Remember when making a phone call was an event? Like, you had to plan for it because the phone was stapled to the wall and you couldn’t just dial someone up as you were driving to the supermarket… Back before talking on the phone got ambushed by in-the-palm-of-your-hand-convenience and relegated to the “to Do when I have a second because now I can do it anywhere, so why in the world would I sit down to JUST make a phone call” list?
Yeah, I dont’ know if I do either.
But you get what I’m sayin’, right? Because I feel like making a phone call has become careless and haphazard -and I’m totally guilty myself – Why do we always have to do twenty five things at once? Why can’t we just sit down and chat with a friend or family member… Why do we have to speak in shorthand via text messages when an actual human voice would be so much more thriling?

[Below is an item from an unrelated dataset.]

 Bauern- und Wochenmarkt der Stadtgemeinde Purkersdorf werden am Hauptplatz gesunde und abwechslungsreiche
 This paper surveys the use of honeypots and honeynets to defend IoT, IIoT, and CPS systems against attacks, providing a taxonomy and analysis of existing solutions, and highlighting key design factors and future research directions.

This is what technology is doing to us – it’s tricking us into thinking we are connecting when in reality we’re just skimming the social surface.

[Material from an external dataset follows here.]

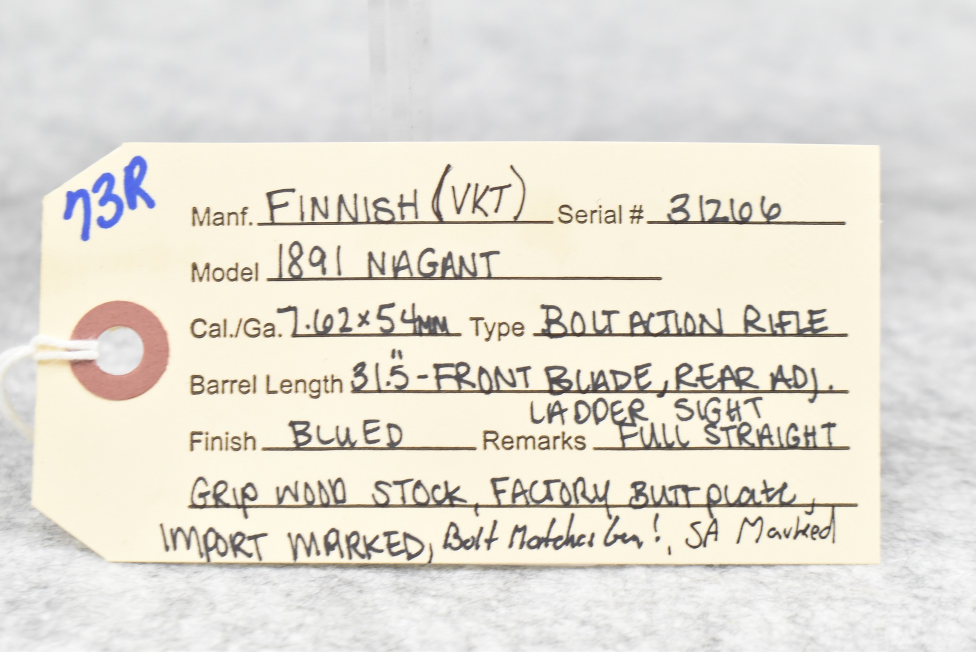 73R. Finnish (VKT) – Mod. 1891 Nagant – 7.62x54mm Cal. Bolt Action Rifle – w/31½” Barrel w/Blade Front and Adjustable Rear Ladder Sights – Blued Finish – w/Full Straight Grip Wood Stock w/Factory Butt Plate – Bolt Numbers Match to Gun – Import Marked – SA Marked

I’ve been thinking about it a lot lately because I’m way the heck over in P-town, whilst the majority of my friends are in LA or other-parts-away, and I find myself not talking to them on the phone as much as a should, but falling back on easy texts or Facebook notes… and I think I’m starving! I mean, those little electornic chirps and clicks feed the immediate “hey” like a candy bar feeds hunger – but sooner or later you lok down at your socially emaciated form and realize that you’re dying for some real human connection!
I picked up a new book the other day – I’m really getting more and more into these social awareness/non-fiction books that have at their core some kind of human study – this one is called The Shallows: What the Internet Is Doing to Our Brains, by Nicholas Carr. While it isn’t necessarily concerned with social relationships, it IS concerned with the effects of technology on our thinking processes. I can’t wait to dig in. As a person who LIVES next to her computer, this could be a delicious and terrifying read.
In the meantime, I am making a new pact with myself; I’m going to take time to talk on the phone instead of just skimming the surface of my friend pool. We’re not robots, after all, and my lightening quick texting fingers could use a break.